The graph neural network (GNN) and transformer model are two renowned neural network architectures for obtaining contextual embeddings from biomedical data. However, each model has a trade-off in terms of the required dataset for training and representation power of the model. As examples, I will discuss the TEA-graph which employs GNN to define the contextual pathological features related to cancer patients’ survival, and GRIP, which utilizes a combination of GNN and transformer to define the set of immune receptors linked to patients’ survival.
Furthermore, an interesting and complex biomedical data rich in contextual information is genomics. Similar to how vision and language research leverages a transformer-based foundation model – the model trained with datasets ranging from millions to billions through self-supervised learning, showing powerful performance for a wide range of downstream applications – nowadays, we can train a large model using ~50M single-cell RNA-seq datasets. Some initial efforts have already shown promising results in understanding genetic mechanisms through perturbation prediction and in silico perturbations. With the contextual gene embedding obtained from the model, we can even transfer gene embedding for analyzing bulk RNA-seq datasets.
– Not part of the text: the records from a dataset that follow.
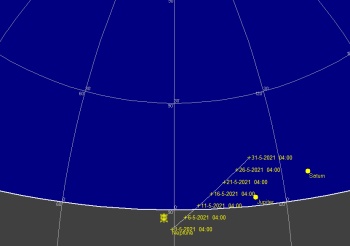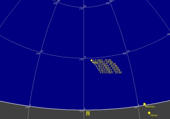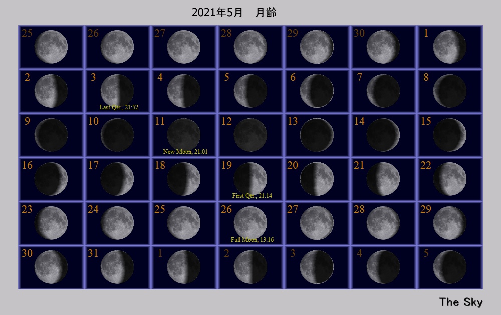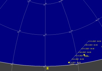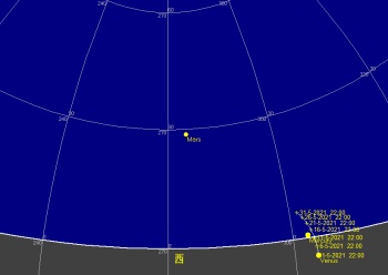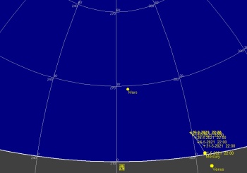 日付 時刻 方角 高度(度) イベント 4 5:00 南東 10度 木星が月に接近(間隔5.6度) 12 20:00 西 10度 金星が月に接近(間隔2.6度) 13 21:00 西 15度 水星が月に接近(間隔2.7度) 15 23:00 西 15度 火星が月に接近(間隔3.9度) 17 水星が東方最大離隔 26 皆既月食(欧州からは観望不可) 28 21:00 西 15度 金星と水星が接近(0.5度) 31 3:00 南東 15度 土星が月に接近(5度)
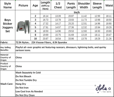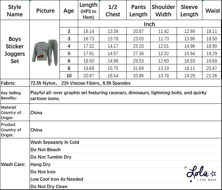 • Playful all-over graphic set featuring racecars, dinosaurs, lightning bolts, and quirky cartoon icons.
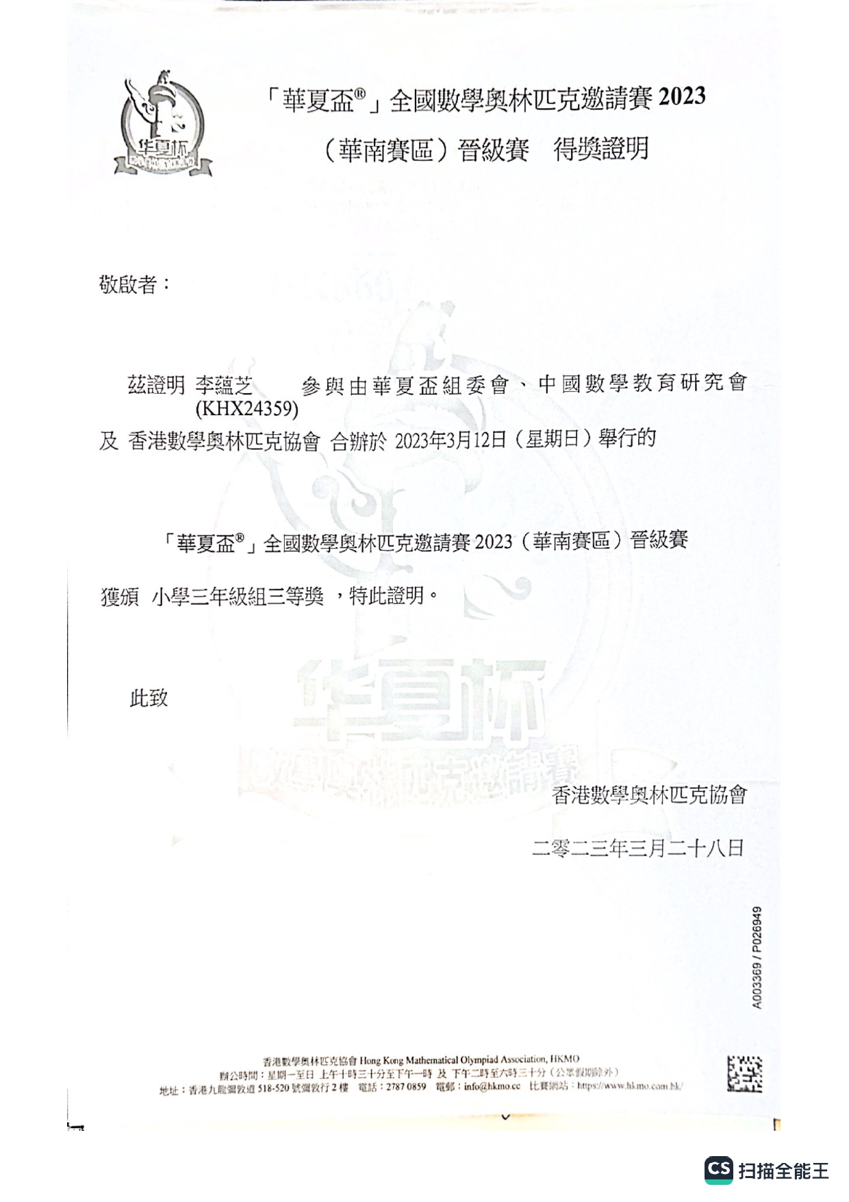 3A_李蘊芝_華夏盃全國數學奧林匹克邀請賽2023華南賽區晉級賽_小學三年級_三等獎

Aligned with these efforts, I would like to share the recent progress to obtain meaningful contextual gene embedding utilizing the transformer architecture and discuss opportunities for multi-modal training to link transcriptomics with images or text.
Yongju Lee is a Postdoctoral Fellow at Genentech Research and Early Development, under the mentorship of Aviv Regev since spring 2023. He recently earned his Ph.D. from the Department of Electrical and Computer Engineering at Seoul National University, advised by Sunghoon Kwon. His research focuses on tailoring deep learning models for various biomedical data modalities and accelerating scientific and medical discovery by interpreting the deep learning model outcomes. He has developed methods for pathology image, immune repertoire, and spatial omics data. His ongoing research involves establishing a single-cell foundation model and expanding its capabilities to include biomedical images and text data.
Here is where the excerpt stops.